→ **Record excerpts**
>>>

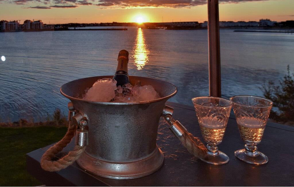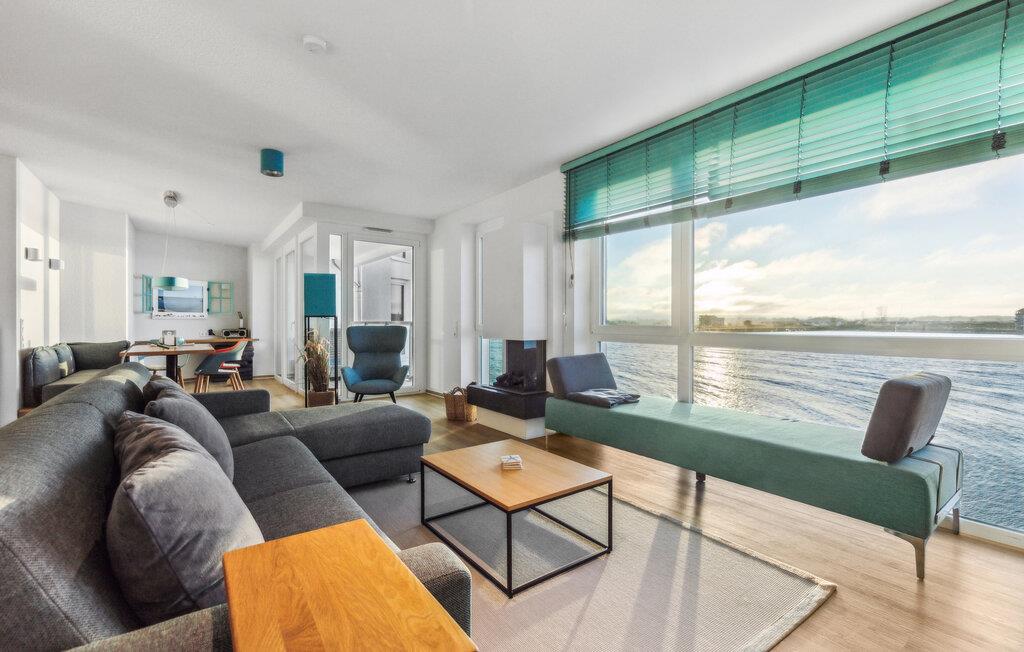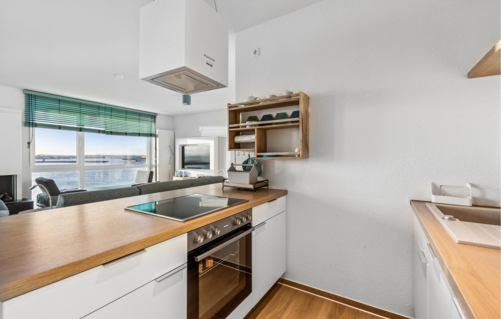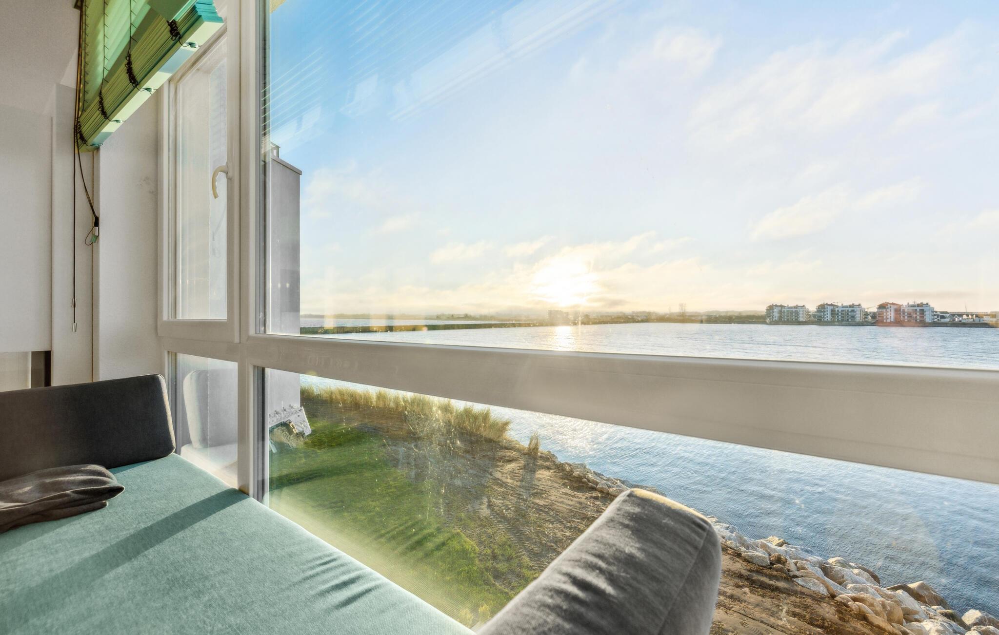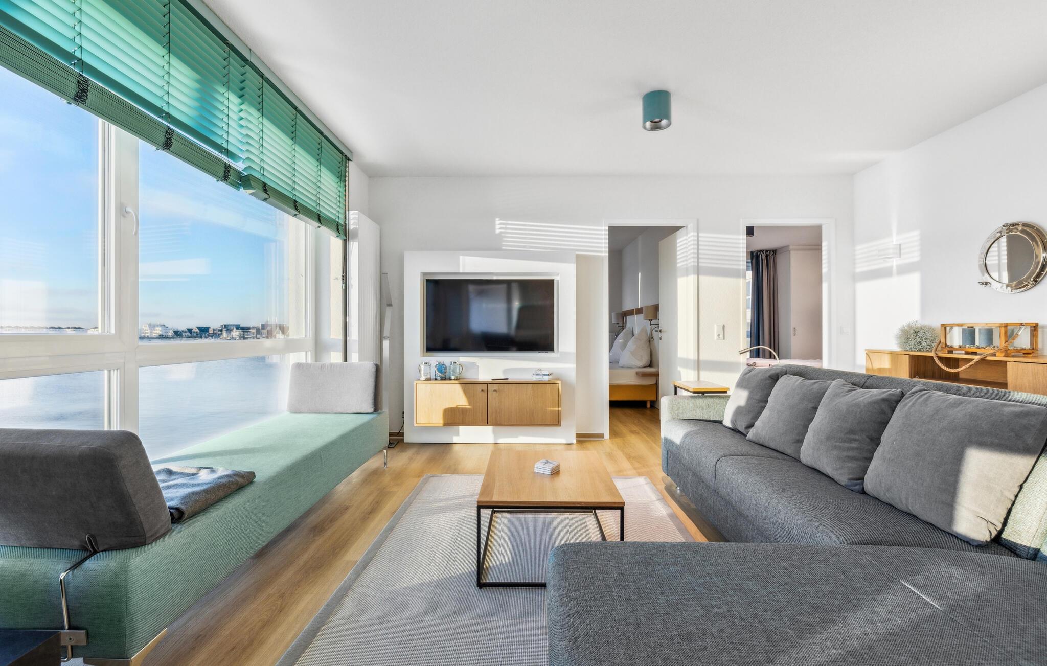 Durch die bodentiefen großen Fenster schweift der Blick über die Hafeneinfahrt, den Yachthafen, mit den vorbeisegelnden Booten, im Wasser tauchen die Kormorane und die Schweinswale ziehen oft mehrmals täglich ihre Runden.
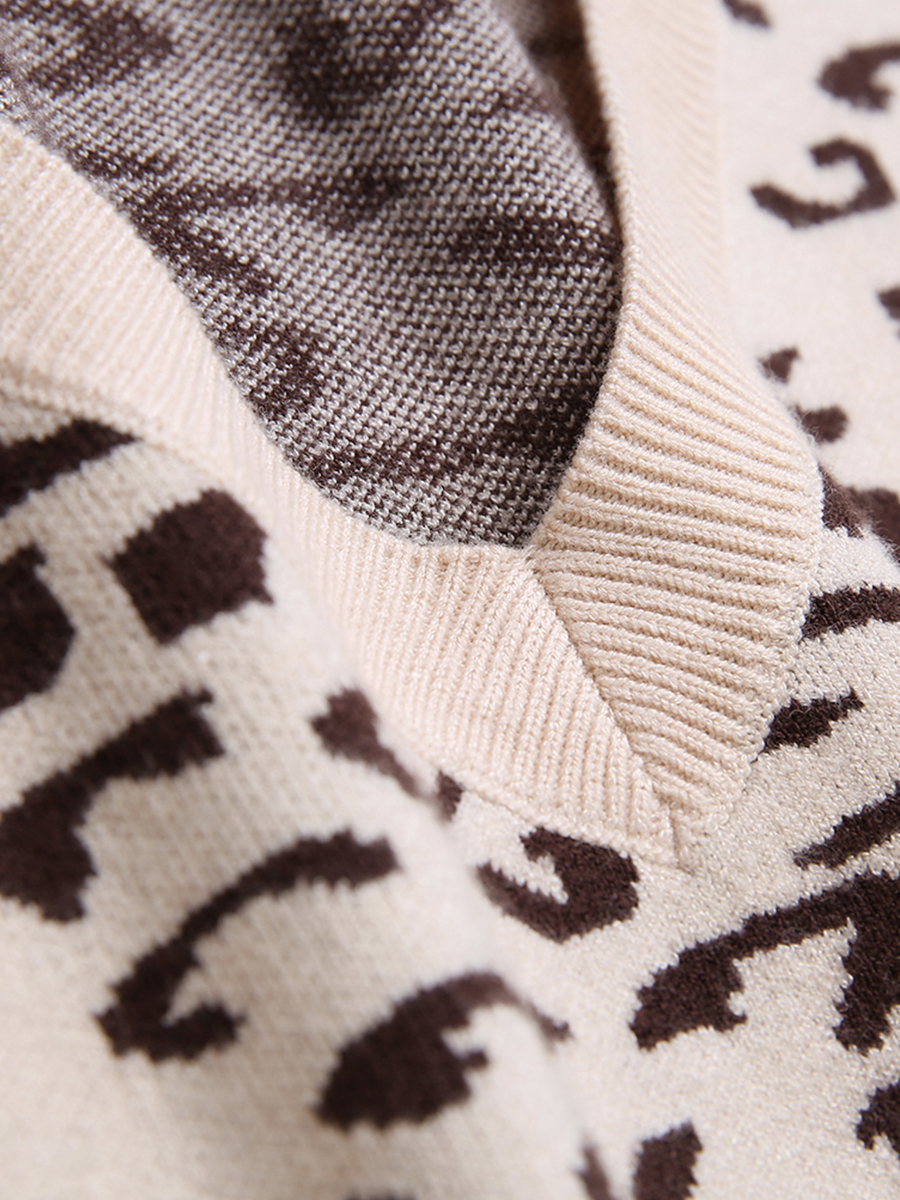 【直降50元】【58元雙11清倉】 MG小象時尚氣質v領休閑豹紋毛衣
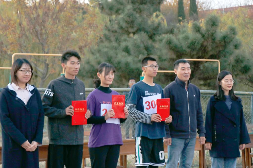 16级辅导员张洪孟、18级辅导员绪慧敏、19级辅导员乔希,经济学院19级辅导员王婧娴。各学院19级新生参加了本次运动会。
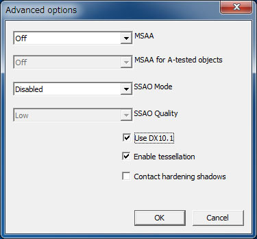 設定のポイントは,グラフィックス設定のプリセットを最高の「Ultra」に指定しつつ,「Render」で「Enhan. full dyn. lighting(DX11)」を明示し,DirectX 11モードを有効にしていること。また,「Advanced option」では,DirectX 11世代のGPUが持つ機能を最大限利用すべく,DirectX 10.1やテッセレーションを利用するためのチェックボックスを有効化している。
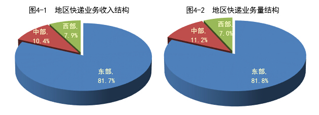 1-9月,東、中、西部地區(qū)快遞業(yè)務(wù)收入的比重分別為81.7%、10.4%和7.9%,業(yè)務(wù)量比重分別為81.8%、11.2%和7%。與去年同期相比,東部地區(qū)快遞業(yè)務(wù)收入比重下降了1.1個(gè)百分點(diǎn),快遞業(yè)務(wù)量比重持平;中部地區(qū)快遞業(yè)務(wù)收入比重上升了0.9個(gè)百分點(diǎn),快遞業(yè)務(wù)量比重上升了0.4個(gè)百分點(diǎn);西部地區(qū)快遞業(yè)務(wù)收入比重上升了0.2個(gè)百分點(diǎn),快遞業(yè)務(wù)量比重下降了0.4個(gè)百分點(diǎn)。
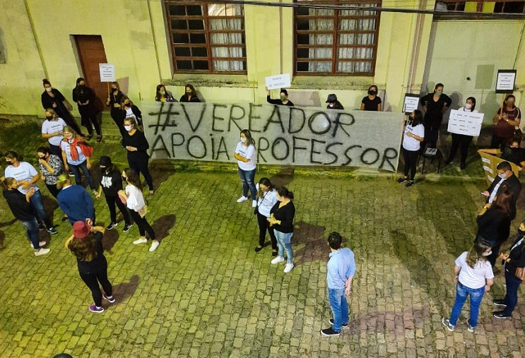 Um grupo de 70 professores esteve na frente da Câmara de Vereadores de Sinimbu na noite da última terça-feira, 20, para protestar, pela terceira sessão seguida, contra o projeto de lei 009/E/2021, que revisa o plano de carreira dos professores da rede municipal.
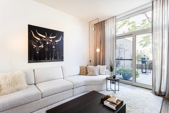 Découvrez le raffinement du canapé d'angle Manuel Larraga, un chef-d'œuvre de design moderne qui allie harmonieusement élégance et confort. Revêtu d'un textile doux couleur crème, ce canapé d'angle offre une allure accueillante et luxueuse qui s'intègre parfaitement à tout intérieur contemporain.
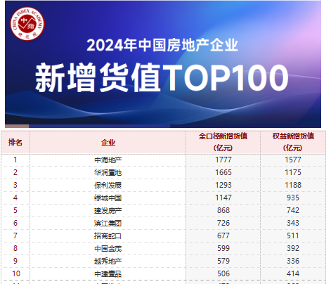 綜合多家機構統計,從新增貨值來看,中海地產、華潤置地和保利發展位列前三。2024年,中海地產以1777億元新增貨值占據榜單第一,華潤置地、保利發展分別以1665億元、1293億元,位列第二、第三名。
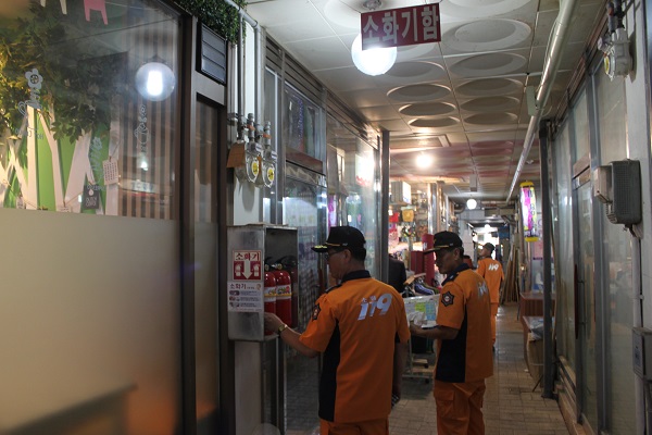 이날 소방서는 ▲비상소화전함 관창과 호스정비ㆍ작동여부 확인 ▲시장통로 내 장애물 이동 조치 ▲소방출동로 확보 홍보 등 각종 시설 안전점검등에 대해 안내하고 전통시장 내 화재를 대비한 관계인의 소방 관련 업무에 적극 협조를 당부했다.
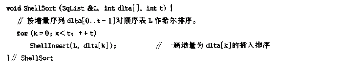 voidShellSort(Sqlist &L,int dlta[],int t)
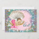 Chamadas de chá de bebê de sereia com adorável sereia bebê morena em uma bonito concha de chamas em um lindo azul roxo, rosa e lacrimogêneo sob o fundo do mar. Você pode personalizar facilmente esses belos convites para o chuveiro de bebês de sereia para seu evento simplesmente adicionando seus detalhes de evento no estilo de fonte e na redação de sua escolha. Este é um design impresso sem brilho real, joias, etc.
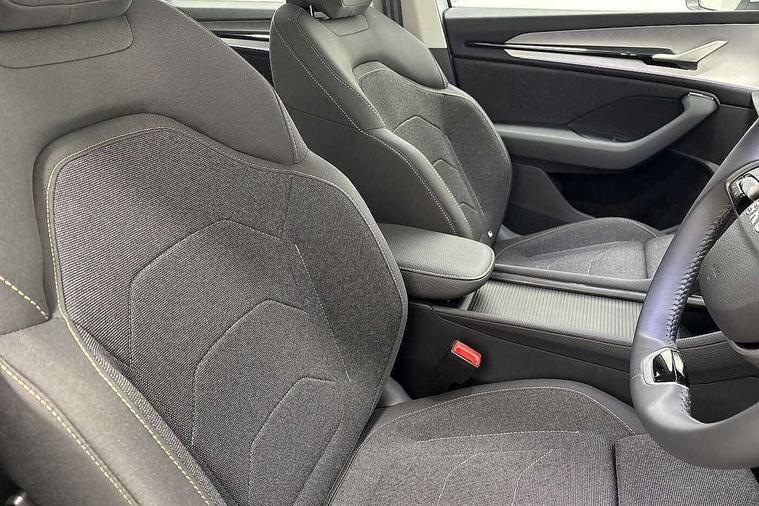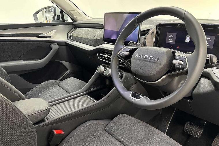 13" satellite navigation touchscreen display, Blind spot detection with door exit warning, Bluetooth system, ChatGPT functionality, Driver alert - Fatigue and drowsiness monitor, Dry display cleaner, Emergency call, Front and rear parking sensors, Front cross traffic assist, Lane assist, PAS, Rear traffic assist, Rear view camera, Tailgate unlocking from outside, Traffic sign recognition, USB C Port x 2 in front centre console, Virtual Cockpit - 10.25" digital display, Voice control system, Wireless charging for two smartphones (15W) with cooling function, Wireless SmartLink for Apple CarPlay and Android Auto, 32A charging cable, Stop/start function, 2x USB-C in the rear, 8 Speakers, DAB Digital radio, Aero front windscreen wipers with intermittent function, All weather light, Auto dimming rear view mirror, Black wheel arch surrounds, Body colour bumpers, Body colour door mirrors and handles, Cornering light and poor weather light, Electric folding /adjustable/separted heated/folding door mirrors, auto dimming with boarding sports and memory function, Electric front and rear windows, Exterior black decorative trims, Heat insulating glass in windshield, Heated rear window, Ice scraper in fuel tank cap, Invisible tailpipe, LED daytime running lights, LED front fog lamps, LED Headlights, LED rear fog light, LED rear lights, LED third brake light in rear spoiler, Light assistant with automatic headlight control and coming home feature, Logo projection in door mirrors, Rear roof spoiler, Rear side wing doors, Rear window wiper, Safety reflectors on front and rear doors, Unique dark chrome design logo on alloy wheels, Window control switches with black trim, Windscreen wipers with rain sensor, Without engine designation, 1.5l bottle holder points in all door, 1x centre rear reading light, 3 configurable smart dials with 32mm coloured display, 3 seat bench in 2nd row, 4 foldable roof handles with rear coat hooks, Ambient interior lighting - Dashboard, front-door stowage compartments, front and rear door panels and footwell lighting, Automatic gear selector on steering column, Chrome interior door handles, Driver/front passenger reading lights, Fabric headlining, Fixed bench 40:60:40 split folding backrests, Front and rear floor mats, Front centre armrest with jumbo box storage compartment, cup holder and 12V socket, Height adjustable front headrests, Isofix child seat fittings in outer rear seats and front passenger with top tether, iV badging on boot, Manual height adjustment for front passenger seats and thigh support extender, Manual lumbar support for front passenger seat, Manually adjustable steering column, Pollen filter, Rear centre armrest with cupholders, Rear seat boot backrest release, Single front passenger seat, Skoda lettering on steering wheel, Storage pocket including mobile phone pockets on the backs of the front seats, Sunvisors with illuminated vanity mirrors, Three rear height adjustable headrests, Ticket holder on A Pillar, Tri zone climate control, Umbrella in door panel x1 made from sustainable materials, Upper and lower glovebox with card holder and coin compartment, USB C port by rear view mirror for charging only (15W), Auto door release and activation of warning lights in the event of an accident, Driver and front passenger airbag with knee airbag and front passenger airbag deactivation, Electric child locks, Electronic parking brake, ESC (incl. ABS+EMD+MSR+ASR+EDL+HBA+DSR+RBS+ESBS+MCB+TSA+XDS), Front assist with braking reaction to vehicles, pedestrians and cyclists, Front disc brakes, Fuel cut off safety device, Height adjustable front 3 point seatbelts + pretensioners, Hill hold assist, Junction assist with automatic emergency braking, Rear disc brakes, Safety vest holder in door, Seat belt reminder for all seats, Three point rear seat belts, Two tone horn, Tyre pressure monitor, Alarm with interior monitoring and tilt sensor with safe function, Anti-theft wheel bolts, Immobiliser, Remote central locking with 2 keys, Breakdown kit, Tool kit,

<<<

→ **What you need to do**
Everything from the top line of the data down to and including the line with "Chamadas de chá" is to be copied, except the pictures.

→ **Answer for the task**
 Durch die bodentiefen großen Fenster schweift der Blick über die Hafeneinfahrt, den Yachthafen, mit den vorbeisegelnden Booten, im Wasser tauchen die Kormorane und die Schweinswale ziehen oft mehrmals täglich ihre Runden.
 【直降50元】【58元雙11清倉】 MG小象時尚氣質v領休閑豹紋毛衣
 16级辅导员张洪孟、18级辅导员绪慧敏、19级辅导员乔希,经济学院19级辅导员王婧娴。各学院19级新生参加了本次运动会。
 設定のポイントは,グラフィックス設定のプリセットを最高の「Ultra」に指定しつつ,「Render」で「Enhan. full dyn. lighting(DX11)」を明示し,DirectX 11モードを有効にしていること。また,「Advanced option」では,DirectX 11世代のGPUが持つ機能を最大限利用すべく,DirectX 10.1やテッセレーションを利用するためのチェックボックスを有効化している。
 1-9月,東、中、西部地區(qū)快遞業(yè)務(wù)收入的比重分別為81.7%、10.4%和7.9%,業(yè)務(wù)量比重分別為81.8%、11.2%和7%。與去年同期相比,東部地區(qū)快遞業(yè)務(wù)收入比重下降了1.1個(gè)百分點(diǎn),快遞業(yè)務(wù)量比重持平;中部地區(qū)快遞業(yè)務(wù)收入比重上升了0.9個(gè)百分點(diǎn),快遞業(yè)務(wù)量比重上升了0.4個(gè)百分點(diǎn);西部地區(qū)快遞業(yè)務(wù)收入比重上升了0.2個(gè)百分點(diǎn),快遞業(yè)務(wù)量比重下降了0.4個(gè)百分點(diǎn)。
 Um grupo de 70 professores esteve na frente da Câmara de Vereadores de Sinimbu na noite da última terça-feira, 20, para protestar, pela terceira sessão seguida, contra o projeto de lei 009/E/2021, que revisa o plano de carreira dos professores da rede municipal.
 Découvrez le raffinement du canapé d'angle Manuel Larraga, un chef-d'œuvre de design moderne qui allie harmonieusement élégance et confort. Revêtu d'un textile doux couleur crème, ce canapé d'angle offre une allure accueillante et luxueuse qui s'intègre parfaitement à tout intérieur contemporain.
 綜合多家機構統計,從新增貨值來看,中海地產、華潤置地和保利發展位列前三。2024年,中海地產以1777億元新增貨值占據榜單第一,華潤置地、保利發展分別以1665億元、1293億元,位列第二、第三名。
 이날 소방서는 ▲비상소화전함 관창과 호스정비ㆍ작동여부 확인 ▲시장통로 내 장애물 이동 조치 ▲소방출동로 확보 홍보 등 각종 시설 안전점검등에 대해 안내하고 전통시장 내 화재를 대비한 관계인의 소방 관련 업무에 적극 협조를 당부했다.
 voidShellSort(Sqlist &L,int dlta[],int t)
 Chamadas de chá de bebê de sereia com adorável sereia bebê morena em uma bonito concha de chamas em um lindo azul roxo, rosa e lacrimogêneo sob o fundo do mar. Você pode personalizar facilmente esses belos convites para o chuveiro de bebês de sereia para seu evento simplesmente adicionando seus detalhes de evento no estilo de fonte e na redação de sua escolha. Este é um design impresso sem brilho real, joias, etc.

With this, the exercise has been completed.